Ancient rural town Pagliara dei Marsi in Italy has a population of roughly 20 people – with more cats than humans – which is why there was widespread celebration when a child was born this year
A town where cats outnumber humans is celebrating after a child was finally born after a 30-year baby-drought. The residents of Pagliara dei Marsi, an ancient rural town in Italy’s Abruzzo region have been rejoicing this year after the birth of little Lara Bussi Trabucco.
Lara, now a few months old, is one of roughly 20 inhabitants of the ancient town. Her christening earlier this week brought many tourists to the village, reports the Guardian. The little child’s arrival into the world broke a lengthy no-baby streak in the town, reminiscent Alfonso Cuaron’s plot in the film Children of Men.
In the 2006 thriller, starring Clive Owen and Julianne Moore, a bleak picture of the earth in 2027 in painted when two decades of human infertility have left human civilisation on the brink of collapse.

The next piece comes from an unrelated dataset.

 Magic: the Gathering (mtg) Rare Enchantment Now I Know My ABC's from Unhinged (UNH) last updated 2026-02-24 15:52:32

“People who didn’t even know Pagliara dei Marsi existed have come, only because they had heard about Lara,” said her mother, Cinzia Trabucco. “At just nine months old, she’s famous.”
Despite the celebrations surrounding Lara’s arrival, experts are still fretting about Italy’s worsening demographic crisis. Last year births reached a historic low of 369,944, continuing a 16-year negative trend, according to national statistics agency Istat.

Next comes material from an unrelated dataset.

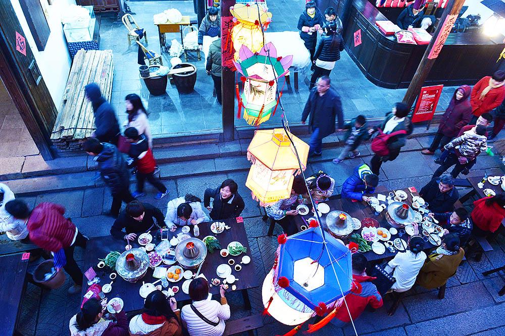 春节的乌镇仍保留着大摆长街宴的习俗,初一到初七,延绵数十里的西栅老街上,家家户户沿街支灶搭台,空中弥漫着羊肉的香味。这情景可真是再现了明代诗人赵桓所描述的“长街迢遥两三里,日日香尘街上起”的盛况。图片来源:视觉中国

Fertility rates also fell to a record low, with an average 1.18 children to women of child-bearing age in 2024 – one of the lowest rates in the EU.
Alongside an increasing number of people are simply choosing to not have children, the drop of births is also due to financial and health factors.
“Pagliara dei Marsi has been suffering from drastic depopulation, exacerbated by the loss of many elderly people, without any generational turnover,” said Pagliara dei Marsi’s local mayor, Giuseppina Perozzi.
Lara’s parents benefited from a €1,000 “baby bonus” – a one-time payment for each child born or adopted since January 2025.
The payment was introduced by Giorgia Meloni’s government as part of a pledge to tackle what the prime minister has dubbed a “demographic winter”.
Child benefits aside, Lara’s parents also harbour concerns about their child’s future education. It’s been years since Pagliara dei Marsi had a teacher – who also used their home as the school.
There’s a nursery and primary school in nearby Castellafiume, but with schools across Italy shutting down due to the falling birthrate, it’s uncertain whether there will be enough youngsters to keep the institution going in the long run.